Activity >> With the line containing "Refill 20 Person" as the start and the line containing "Tenga en cuenta" as the end, transcribe that span of the entries below exactly, including both.

Records supplied >>
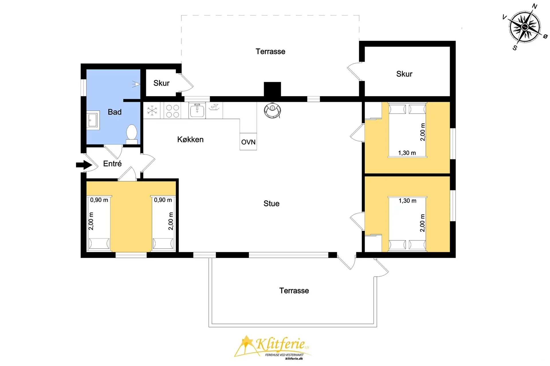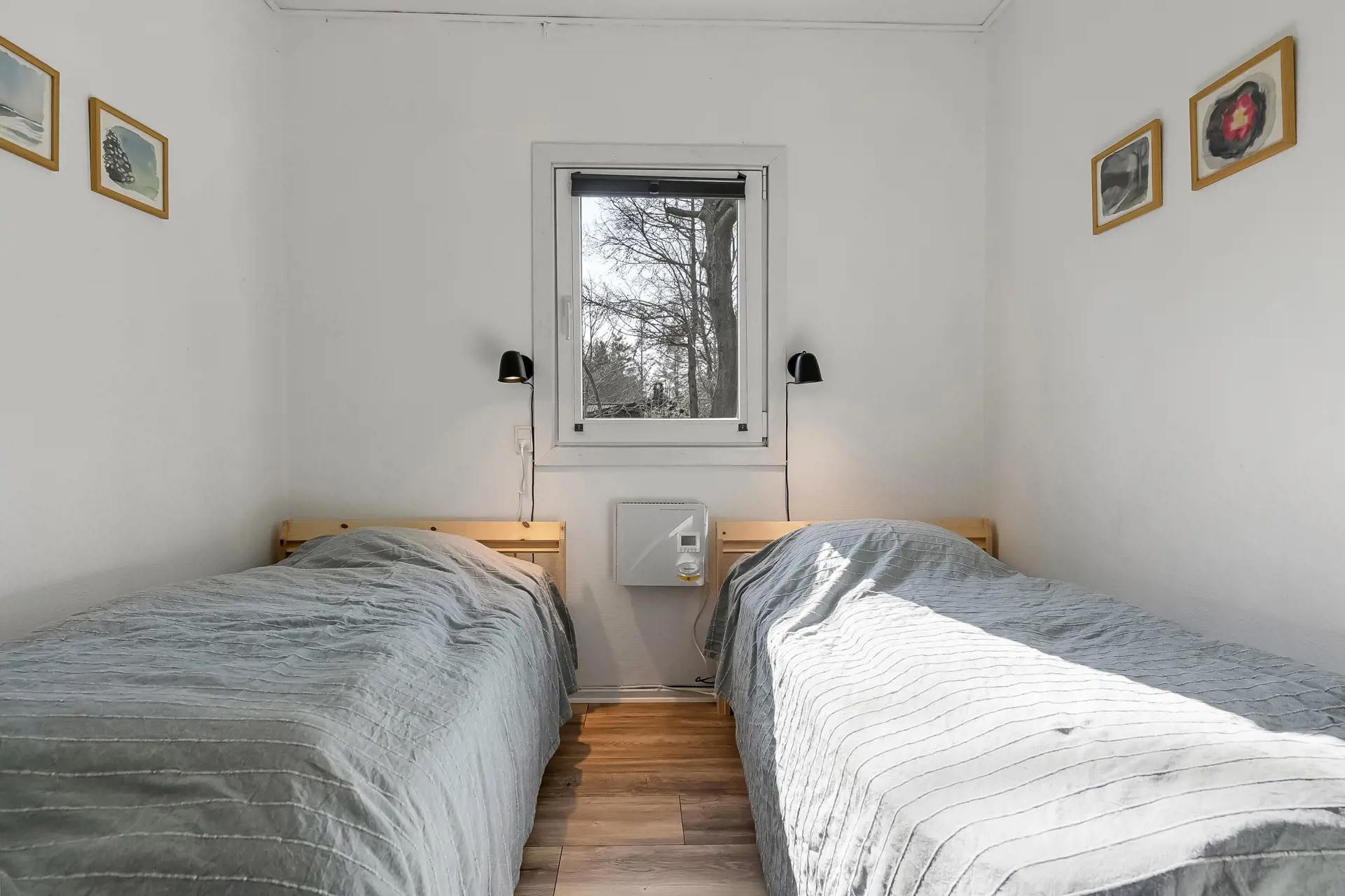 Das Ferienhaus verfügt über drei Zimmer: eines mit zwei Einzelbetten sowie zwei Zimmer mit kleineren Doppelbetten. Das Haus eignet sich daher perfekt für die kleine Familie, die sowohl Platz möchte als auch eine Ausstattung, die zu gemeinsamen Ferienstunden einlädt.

--

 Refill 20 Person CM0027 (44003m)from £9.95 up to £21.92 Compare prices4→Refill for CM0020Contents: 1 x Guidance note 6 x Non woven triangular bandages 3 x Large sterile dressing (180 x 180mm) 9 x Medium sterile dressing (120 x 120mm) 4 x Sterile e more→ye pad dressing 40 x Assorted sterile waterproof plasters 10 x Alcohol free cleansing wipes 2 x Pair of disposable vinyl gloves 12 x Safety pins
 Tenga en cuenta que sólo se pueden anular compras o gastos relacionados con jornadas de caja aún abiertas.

Result of this exercise >>
 Refill 20 Person CM0027 (44003m)from £9.95 up to £21.92 Compare prices4→Refill for CM0020Contents: 1 x Guidance note 6 x Non woven triangular bandages 3 x Large sterile dressing (180 x 180mm) 9 x Medium sterile dressing (120 x 120mm) 4 x Sterile e more→ye pad dressing 40 x Assorted sterile waterproof plasters 10 x Alcohol free cleansing wipes 2 x Pair of disposable vinyl gloves 12 x Safety pins
 Tenga en cuenta que sólo se pueden anular compras o gastos relacionados con jornadas de caja aún abiertas.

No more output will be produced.